- Extracted information
● ● ● ●
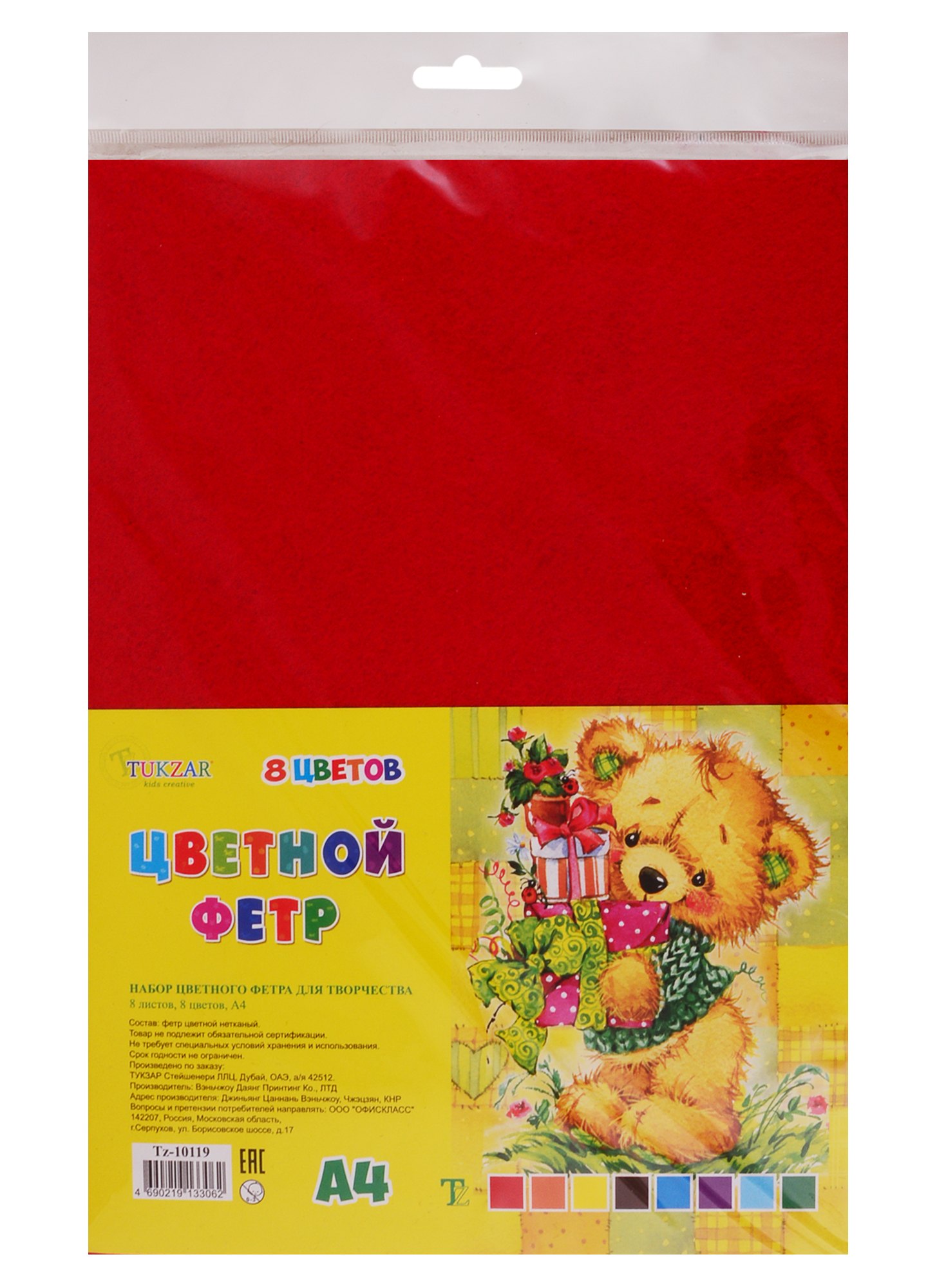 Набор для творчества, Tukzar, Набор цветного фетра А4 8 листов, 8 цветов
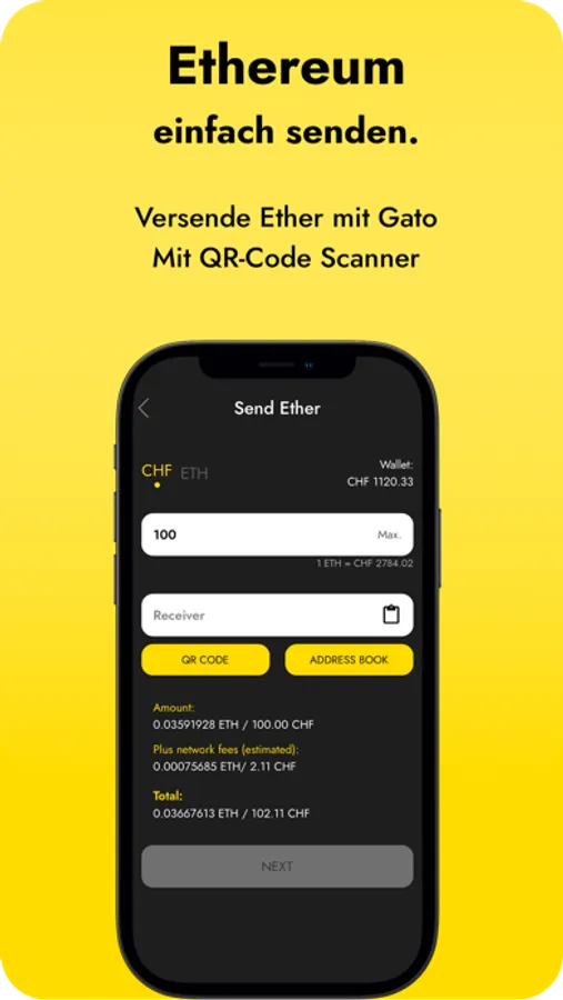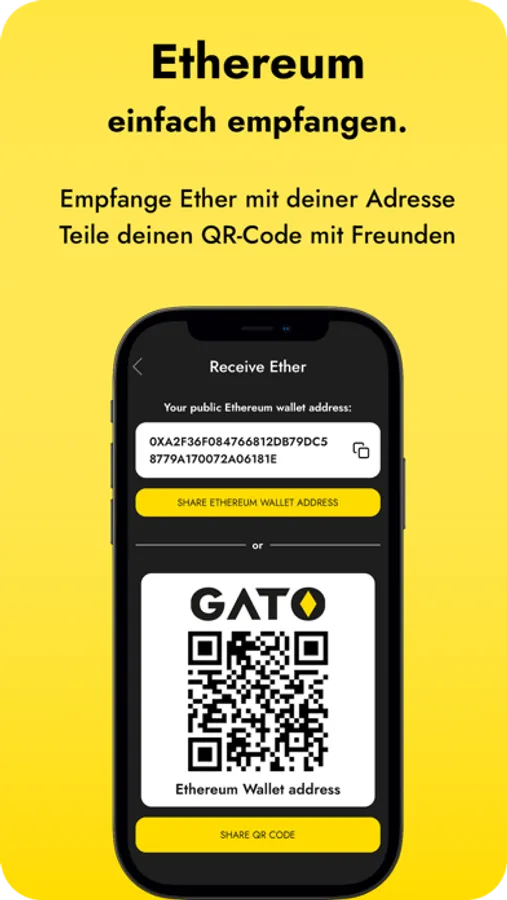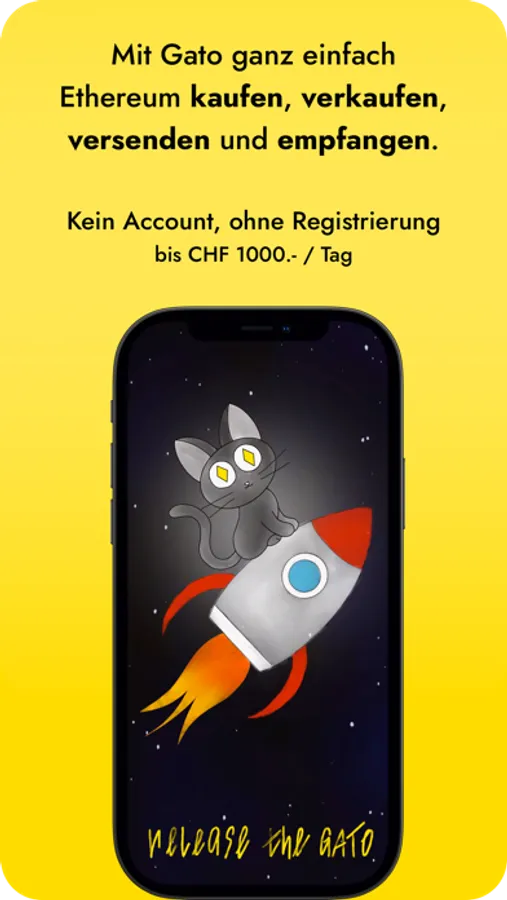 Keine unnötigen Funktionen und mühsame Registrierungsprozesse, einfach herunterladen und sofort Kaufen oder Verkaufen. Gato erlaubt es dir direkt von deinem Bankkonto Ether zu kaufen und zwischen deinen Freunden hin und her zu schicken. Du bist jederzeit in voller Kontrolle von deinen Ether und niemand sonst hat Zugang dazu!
● ● ● ●
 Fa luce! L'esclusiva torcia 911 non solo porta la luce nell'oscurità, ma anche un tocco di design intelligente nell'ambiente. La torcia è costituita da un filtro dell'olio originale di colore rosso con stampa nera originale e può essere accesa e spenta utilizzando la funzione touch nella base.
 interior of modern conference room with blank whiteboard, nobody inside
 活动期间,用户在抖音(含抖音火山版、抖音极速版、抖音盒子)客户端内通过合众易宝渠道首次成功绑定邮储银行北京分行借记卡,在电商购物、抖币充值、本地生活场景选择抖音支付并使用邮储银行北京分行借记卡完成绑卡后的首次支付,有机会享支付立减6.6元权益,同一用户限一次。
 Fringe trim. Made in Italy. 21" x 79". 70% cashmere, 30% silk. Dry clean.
● ● ● ●
- What the exercise asks
Take the lines above from the one containing "interior of modern" down to the one containing "Fringe trim. Made", and transcribe them exactly, both ends included.

- Answer box
 interior of modern conference room with blank whiteboard, nobody inside
 活动期间,用户在抖音(含抖音火山版、抖音极速版、抖音盒子)客户端内通过合众易宝渠道首次成功绑定邮储银行北京分行借记卡,在电商购物、抖币充值、本地生活场景选择抖音支付并使用邮储银行北京分行借记卡完成绑卡后的首次支付,有机会享支付立减6.6元权益,同一用户限一次。
 Fringe trim. Made in Italy. 21" x 79". 70% cashmere, 30% silk. Dry clean.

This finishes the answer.